Task statement: Whenever a line below includes the string "with", show it.

Supplied material:
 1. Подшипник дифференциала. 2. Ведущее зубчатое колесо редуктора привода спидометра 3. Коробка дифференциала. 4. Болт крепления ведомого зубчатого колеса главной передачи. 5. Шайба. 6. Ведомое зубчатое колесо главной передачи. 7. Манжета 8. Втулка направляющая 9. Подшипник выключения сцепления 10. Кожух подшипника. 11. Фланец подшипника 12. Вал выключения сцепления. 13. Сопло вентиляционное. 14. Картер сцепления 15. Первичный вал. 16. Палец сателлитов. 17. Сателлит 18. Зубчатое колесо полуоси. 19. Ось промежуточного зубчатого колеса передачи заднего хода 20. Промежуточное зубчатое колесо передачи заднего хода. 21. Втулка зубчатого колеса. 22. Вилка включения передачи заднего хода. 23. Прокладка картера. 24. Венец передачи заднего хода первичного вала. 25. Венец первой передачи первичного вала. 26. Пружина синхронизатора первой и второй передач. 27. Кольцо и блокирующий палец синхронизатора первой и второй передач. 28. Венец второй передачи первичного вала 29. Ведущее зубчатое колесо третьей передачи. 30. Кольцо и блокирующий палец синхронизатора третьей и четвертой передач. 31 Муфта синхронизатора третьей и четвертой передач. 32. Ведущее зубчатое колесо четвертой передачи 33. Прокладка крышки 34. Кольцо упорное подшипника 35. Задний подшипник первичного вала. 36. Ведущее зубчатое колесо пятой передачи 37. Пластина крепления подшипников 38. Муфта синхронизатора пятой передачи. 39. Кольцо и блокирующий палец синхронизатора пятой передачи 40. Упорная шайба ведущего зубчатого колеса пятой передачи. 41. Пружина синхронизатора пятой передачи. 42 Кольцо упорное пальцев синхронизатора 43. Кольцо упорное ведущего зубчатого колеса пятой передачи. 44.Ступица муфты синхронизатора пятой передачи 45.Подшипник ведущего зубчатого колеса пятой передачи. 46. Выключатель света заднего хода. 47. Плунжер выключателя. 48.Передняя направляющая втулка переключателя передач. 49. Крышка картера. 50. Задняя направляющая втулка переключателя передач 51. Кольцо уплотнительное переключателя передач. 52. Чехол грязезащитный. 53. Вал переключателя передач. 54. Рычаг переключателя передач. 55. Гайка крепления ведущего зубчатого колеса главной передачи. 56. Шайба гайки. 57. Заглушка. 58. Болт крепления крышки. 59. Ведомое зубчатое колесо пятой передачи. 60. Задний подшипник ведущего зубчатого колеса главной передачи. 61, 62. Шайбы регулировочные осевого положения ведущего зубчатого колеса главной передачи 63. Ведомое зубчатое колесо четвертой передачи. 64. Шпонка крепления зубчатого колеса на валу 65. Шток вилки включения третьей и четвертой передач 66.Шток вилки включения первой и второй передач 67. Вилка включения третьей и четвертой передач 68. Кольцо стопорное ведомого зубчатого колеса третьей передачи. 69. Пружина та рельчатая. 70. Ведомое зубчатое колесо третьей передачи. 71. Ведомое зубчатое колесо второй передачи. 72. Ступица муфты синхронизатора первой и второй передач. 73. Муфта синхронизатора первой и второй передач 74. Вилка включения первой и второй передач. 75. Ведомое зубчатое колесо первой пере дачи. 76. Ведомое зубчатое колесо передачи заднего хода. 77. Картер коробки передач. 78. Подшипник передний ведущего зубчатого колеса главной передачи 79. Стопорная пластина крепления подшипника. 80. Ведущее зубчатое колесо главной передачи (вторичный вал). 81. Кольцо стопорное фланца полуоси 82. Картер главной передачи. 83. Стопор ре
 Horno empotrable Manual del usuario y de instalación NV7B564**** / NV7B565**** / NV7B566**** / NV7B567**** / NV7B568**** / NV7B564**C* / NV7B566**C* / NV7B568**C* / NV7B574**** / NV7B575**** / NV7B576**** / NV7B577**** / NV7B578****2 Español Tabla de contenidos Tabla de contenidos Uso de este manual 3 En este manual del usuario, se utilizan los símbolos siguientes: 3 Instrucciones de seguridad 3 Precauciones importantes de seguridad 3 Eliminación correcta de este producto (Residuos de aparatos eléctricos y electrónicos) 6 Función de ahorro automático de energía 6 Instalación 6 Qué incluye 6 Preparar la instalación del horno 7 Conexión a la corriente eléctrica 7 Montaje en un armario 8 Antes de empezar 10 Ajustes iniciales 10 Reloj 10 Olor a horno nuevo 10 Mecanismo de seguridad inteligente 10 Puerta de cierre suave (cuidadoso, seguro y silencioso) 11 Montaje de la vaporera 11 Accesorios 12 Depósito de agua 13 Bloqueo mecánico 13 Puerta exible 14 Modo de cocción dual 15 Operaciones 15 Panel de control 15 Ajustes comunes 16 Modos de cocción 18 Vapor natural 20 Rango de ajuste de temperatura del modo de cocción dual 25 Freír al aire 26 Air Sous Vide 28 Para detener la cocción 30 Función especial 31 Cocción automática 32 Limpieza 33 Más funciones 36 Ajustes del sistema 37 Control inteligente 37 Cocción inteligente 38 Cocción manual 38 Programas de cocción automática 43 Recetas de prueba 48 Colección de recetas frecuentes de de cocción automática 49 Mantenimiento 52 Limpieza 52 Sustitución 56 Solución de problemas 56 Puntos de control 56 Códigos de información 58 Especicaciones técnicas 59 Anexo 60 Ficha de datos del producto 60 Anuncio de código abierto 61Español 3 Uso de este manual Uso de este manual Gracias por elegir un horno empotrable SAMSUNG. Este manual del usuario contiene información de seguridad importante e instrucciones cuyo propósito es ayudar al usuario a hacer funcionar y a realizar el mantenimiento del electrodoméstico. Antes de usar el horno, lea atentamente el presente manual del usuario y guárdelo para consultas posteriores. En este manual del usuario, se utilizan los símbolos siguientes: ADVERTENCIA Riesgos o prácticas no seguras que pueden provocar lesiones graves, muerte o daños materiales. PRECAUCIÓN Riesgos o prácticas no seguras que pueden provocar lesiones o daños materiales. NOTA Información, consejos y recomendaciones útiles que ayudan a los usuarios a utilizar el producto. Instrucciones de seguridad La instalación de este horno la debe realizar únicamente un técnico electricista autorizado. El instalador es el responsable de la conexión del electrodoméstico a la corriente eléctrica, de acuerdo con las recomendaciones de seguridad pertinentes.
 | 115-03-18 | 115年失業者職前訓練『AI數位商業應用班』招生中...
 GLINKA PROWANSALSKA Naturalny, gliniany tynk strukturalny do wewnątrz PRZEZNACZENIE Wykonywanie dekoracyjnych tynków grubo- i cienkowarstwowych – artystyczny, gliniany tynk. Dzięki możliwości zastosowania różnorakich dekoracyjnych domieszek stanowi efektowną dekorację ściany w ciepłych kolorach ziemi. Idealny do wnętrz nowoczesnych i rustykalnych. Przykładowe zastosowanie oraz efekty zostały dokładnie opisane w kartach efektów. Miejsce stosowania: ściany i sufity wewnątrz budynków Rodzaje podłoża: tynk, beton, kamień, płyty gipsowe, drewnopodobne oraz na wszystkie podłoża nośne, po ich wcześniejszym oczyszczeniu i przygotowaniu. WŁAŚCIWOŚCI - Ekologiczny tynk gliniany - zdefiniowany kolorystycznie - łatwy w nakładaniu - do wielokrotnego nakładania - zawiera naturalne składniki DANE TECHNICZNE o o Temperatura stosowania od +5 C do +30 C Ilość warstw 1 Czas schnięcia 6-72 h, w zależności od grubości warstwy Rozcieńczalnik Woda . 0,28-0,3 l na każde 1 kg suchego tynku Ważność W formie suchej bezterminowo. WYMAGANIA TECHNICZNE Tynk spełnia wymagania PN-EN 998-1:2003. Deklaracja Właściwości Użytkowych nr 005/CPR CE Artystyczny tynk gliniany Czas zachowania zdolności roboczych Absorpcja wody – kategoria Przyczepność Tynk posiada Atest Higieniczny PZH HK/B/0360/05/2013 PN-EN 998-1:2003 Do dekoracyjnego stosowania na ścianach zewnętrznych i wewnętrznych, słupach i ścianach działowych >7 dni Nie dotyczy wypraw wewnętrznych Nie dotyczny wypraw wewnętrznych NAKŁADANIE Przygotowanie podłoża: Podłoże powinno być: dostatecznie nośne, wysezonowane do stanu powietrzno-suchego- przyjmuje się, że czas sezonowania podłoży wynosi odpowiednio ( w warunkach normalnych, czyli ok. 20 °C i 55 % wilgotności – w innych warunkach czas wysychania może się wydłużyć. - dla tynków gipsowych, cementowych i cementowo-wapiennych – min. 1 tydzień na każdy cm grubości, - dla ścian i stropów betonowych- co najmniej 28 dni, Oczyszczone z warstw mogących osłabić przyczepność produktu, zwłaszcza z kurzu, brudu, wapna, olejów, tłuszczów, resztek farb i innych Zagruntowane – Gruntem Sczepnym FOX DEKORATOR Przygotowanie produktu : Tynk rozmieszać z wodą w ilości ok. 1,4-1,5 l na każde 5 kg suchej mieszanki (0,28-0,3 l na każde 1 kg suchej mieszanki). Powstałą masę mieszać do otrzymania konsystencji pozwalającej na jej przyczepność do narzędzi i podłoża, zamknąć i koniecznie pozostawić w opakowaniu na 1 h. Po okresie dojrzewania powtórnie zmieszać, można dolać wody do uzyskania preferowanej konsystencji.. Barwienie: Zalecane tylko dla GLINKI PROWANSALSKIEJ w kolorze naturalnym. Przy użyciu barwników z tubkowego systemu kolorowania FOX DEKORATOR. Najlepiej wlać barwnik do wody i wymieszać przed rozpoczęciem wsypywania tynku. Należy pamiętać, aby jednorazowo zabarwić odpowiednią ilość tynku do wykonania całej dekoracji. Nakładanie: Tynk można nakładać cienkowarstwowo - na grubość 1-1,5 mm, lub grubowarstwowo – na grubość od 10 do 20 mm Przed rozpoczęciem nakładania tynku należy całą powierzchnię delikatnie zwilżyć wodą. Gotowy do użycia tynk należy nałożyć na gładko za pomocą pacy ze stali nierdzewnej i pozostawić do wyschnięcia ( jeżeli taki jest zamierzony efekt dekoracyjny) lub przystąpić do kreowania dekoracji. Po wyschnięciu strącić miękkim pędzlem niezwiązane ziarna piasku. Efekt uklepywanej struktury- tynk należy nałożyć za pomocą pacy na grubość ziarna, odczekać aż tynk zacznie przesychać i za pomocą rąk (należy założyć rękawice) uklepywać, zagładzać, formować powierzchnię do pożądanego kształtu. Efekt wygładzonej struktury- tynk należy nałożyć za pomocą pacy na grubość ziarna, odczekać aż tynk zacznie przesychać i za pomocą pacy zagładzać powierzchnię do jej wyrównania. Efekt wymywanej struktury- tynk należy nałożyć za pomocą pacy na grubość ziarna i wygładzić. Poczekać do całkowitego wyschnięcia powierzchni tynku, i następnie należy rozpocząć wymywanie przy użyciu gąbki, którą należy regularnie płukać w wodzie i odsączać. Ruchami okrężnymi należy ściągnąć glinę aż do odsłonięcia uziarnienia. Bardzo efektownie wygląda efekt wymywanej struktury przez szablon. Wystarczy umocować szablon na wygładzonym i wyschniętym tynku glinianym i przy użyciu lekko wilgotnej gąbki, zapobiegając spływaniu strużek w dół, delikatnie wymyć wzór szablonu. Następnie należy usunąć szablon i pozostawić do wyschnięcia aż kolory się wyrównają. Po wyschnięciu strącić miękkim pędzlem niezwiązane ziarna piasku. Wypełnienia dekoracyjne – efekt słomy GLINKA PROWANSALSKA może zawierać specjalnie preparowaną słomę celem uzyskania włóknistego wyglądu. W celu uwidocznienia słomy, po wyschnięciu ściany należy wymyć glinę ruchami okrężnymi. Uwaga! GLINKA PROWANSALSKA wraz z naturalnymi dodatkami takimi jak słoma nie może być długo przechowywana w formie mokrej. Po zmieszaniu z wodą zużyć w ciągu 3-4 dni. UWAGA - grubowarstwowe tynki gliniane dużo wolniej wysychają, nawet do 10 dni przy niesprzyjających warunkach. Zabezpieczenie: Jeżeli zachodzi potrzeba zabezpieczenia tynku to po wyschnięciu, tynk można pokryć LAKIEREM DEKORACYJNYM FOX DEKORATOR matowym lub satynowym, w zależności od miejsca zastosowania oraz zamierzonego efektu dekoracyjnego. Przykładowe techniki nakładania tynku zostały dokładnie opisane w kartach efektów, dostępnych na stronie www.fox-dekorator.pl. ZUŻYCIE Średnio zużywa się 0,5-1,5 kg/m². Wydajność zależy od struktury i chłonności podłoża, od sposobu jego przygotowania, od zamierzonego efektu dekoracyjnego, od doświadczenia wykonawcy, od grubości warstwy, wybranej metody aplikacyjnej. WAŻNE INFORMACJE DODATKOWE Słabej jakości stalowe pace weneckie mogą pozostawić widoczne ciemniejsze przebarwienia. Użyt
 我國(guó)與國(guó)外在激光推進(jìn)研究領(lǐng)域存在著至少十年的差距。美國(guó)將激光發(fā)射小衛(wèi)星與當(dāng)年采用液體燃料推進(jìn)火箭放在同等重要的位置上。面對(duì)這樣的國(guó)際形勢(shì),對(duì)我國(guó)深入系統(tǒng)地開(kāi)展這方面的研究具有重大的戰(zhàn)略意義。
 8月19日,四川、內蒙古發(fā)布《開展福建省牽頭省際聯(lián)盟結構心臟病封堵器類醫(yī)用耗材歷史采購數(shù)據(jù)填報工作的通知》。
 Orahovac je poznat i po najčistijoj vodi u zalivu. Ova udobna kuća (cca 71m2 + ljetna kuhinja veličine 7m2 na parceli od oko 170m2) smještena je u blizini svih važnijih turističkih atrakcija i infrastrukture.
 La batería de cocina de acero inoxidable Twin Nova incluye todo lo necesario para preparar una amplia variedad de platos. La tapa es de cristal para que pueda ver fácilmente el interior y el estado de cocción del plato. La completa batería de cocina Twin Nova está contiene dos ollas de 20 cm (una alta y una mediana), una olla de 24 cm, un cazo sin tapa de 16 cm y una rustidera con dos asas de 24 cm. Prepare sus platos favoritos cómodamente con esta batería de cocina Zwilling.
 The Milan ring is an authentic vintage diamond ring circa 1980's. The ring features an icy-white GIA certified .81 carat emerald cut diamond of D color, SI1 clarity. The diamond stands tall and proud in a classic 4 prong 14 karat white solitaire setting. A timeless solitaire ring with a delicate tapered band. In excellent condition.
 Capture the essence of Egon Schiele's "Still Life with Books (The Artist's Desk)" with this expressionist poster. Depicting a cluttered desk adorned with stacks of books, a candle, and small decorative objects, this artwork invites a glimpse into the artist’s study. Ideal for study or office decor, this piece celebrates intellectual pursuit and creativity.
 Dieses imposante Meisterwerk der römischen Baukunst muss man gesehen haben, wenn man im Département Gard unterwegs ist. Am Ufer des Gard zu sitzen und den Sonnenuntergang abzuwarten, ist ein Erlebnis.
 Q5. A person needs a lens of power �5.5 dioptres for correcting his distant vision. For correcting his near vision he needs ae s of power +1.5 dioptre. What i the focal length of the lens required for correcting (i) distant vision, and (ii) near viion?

Solution to this task:
 The Milan ring is an authentic vintage diamond ring circa 1980's. The ring features an icy-white GIA certified .81 carat emerald cut diamond of D color, SI1 clarity. The diamond stands tall and proud in a classic 4 prong 14 karat white solitaire setting. A timeless solitaire ring with a delicate tapered band. In excellent condition.
 Capture the essence of Egon Schiele's "Still Life with Books (The Artist's Desk)" with this expressionist poster. Depicting a cluttered desk adorned with stacks of books, a candle, and small decorative objects, this artwork invites a glimpse into the artist’s study. Ideal for study or office decor, this piece celebrates intellectual pursuit and creativity.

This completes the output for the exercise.